Koss (KOSS) Proxy Filing summary
Event summary combining transcript, slides, and related documents.
Proxy Filing summary
1 Dec, 2025Executive summary
Annual Meeting scheduled for October 16, 2024, will be held virtually, allowing shareholders to attend, ask questions, and vote online.
Shareholders will vote on electing five directors, approving executive compensation on an advisory basis, and ratifying the appointment of WIPFLI, LLP as the independent auditor for fiscal 2025.
Only shareholders of record as of August 26, 2024, are eligible to vote; 9,299,795 shares of common stock are outstanding, each with one vote.
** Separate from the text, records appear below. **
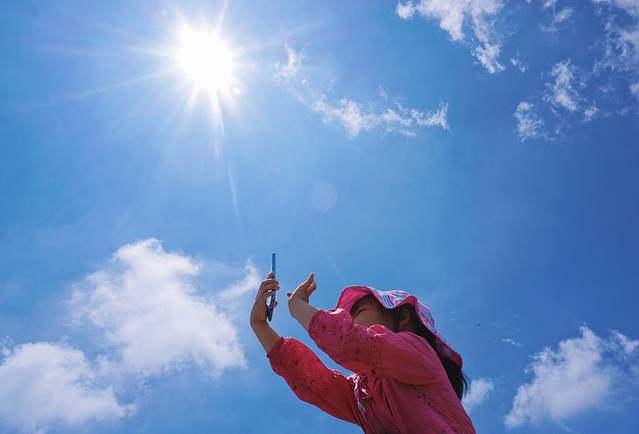 顶着烈日抢占高地抓拍天池的小妞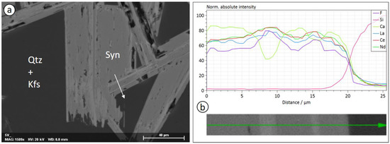 - Forster, H.-J. Synchysite-(Y)-synchysite-(Ce) solid solutions from Markersbach, Erzgebirge, Germany: REE and Th mobility during high-T alteration of highly fractionated aluminous A-type granites. Mineral. Petrol. 2001, 72, 259–280. [Google Scholar] [CrossRef]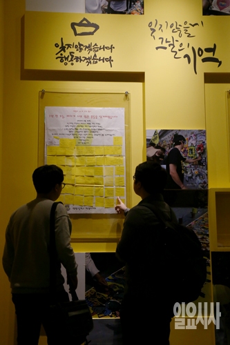 세월호 2주기가 하루 앞둔 15일 오후 서울 중구 서울도서관에 마련된 세월호 기억공간을 시민들이 둘러보고 있다.
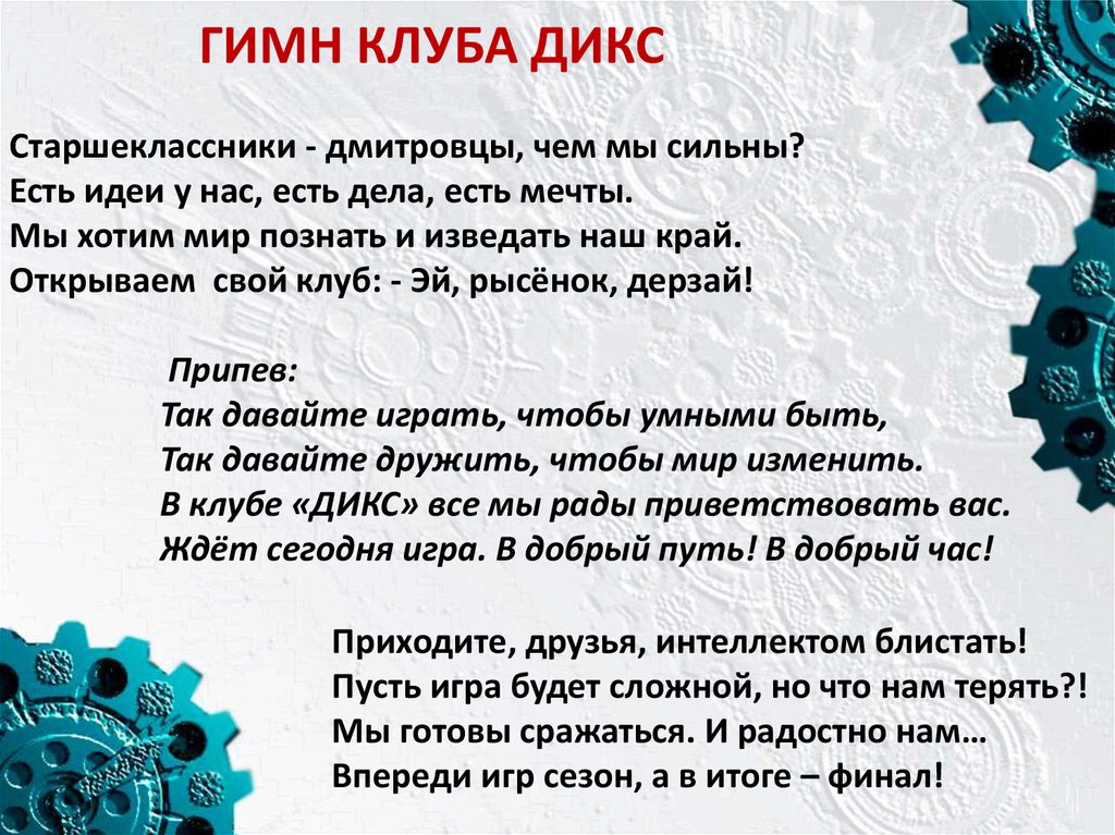 ГИМН КЛУБА ДИКССтаршеклассники - дмитровцы, чем мы сильны?

Proxies may be submitted by mail, phone, or online, and can be revoked at any time before voting.
Voting matters and shareholder proposals
Election of five directors for one-year terms; nominees are current directors with diverse backgrounds in operations, finance, and management.
Advisory vote on executive compensation, emphasizing pay-for-performance and alignment with shareholder interests.
Ratification of WIPFLI, LLP as independent auditor; firm has served since 2019.
No shareholder proposals are on the agenda; proposals for 2025 must be submitted by May 2, 2025.
Board of directors and corporate governance
Board consists of five members, with a mix of independent and non-independent directors; three of four non-executive members are independent.
Michael J. Koss serves as both Chairman and CEO; board believes this structure enhances alignment and efficiency.
Board committees include Audit, Compensation, and Nominating, all composed of independent directors.
Board diversity matrix: four males, one female; all directors self-identify as White.
Directors are expected to attend all meetings; 100% attendance reported for fiscal 2024.